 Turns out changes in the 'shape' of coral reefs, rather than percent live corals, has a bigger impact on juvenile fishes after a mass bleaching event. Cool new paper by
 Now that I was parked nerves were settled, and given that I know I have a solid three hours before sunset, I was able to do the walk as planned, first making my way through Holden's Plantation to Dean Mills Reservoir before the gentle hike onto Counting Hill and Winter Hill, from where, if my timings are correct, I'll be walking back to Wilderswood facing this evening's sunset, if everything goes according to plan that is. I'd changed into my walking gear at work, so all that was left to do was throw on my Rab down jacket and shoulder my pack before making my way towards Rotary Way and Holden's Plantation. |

= = = =

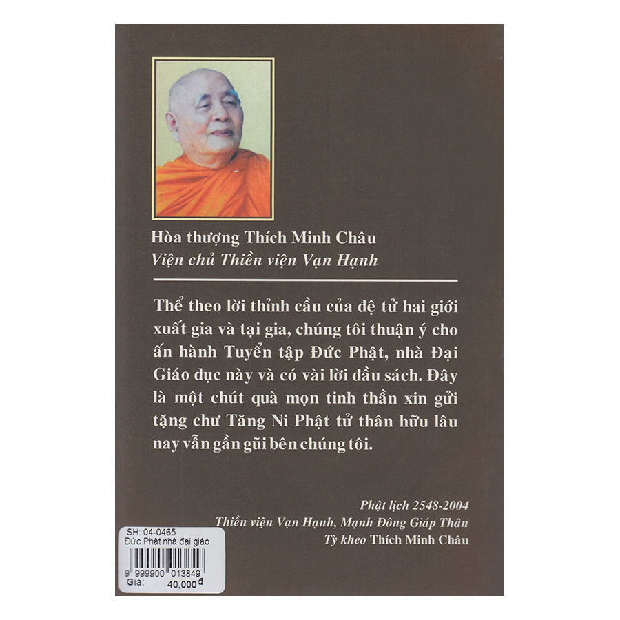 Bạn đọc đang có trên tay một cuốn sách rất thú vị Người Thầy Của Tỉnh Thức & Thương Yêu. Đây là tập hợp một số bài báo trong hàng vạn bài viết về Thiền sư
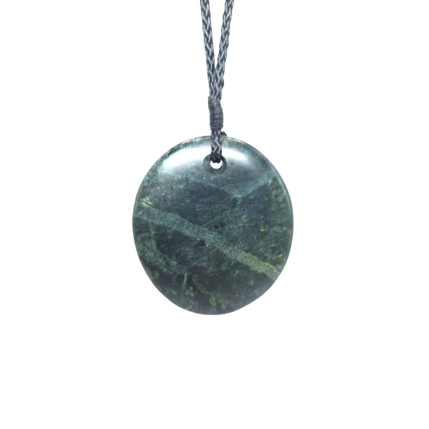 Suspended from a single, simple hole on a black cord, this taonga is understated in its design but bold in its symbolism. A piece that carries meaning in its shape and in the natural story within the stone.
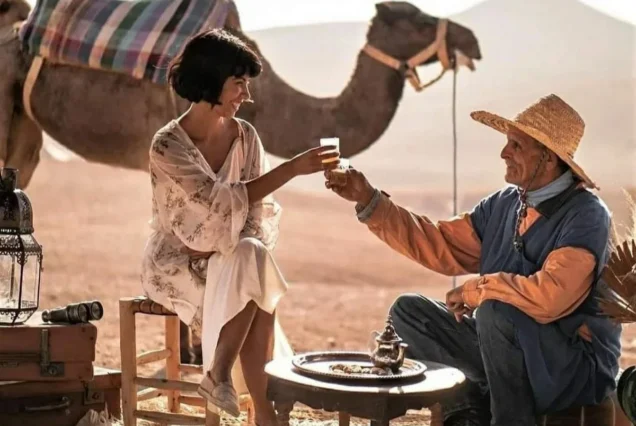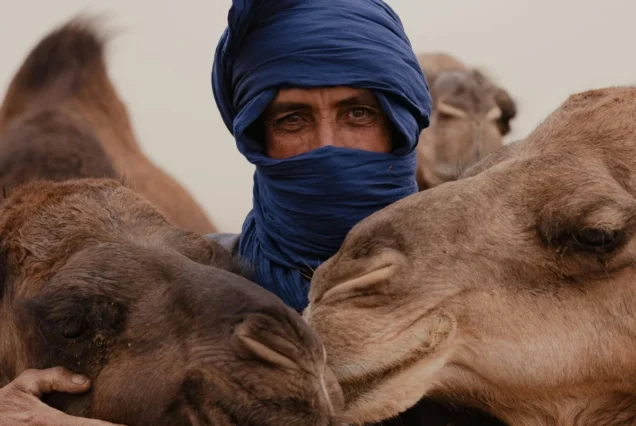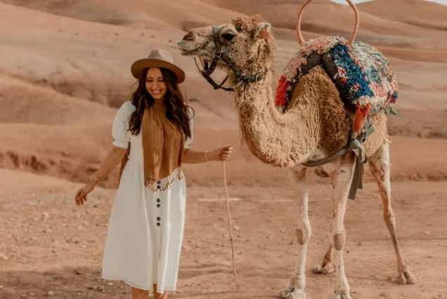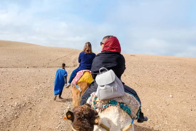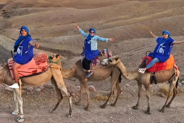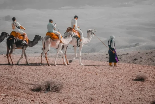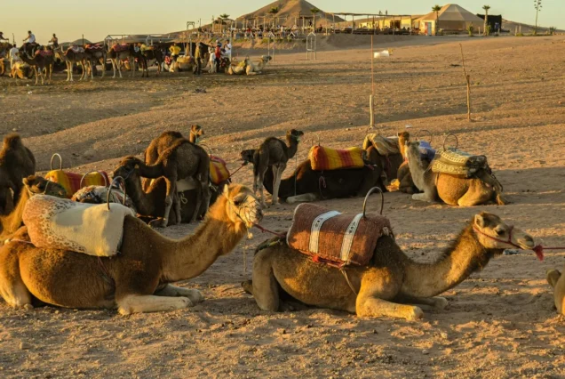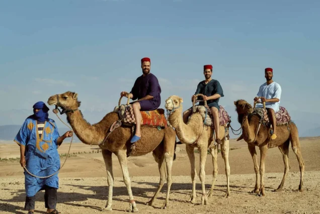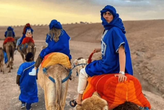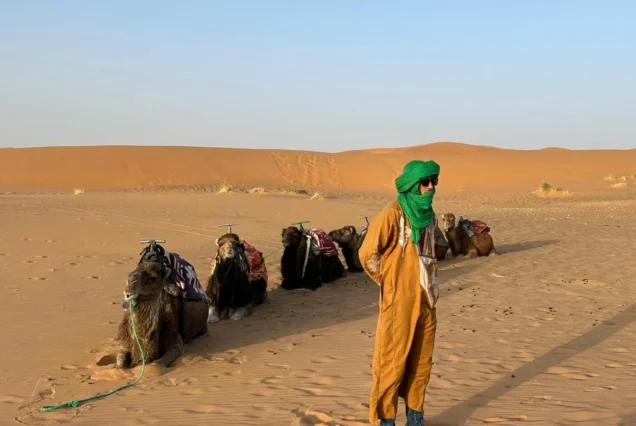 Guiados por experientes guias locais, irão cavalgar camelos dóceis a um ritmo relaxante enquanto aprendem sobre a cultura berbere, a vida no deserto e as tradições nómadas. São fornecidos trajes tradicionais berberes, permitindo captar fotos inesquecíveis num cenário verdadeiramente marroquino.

= = = =

## To do
Return only the stretch of the material above from the line holding "Turns out changes" through the line holding "Now that I was", copied exactly.

## Task solution
 Turns out changes in the 'shape' of coral reefs, rather than percent live corals, has a bigger impact on juvenile fishes after a mass bleaching event. Cool new paper by
 Now that I was parked nerves were settled, and given that I know I have a solid three hours before sunset, I was able to do the walk as planned, first making my way through Holden's Plantation to Dean Mills Reservoir before the gentle hike onto Counting Hill and Winter Hill, from where, if my timings are correct, I'll be walking back to Wilderswood facing this evening's sunset, if everything goes according to plan that is. I'd changed into my walking gear at work, so all that was left to do was throw on my Rab down jacket and shoulder my pack before making my way towards Rotary Way and Holden's Plantation. |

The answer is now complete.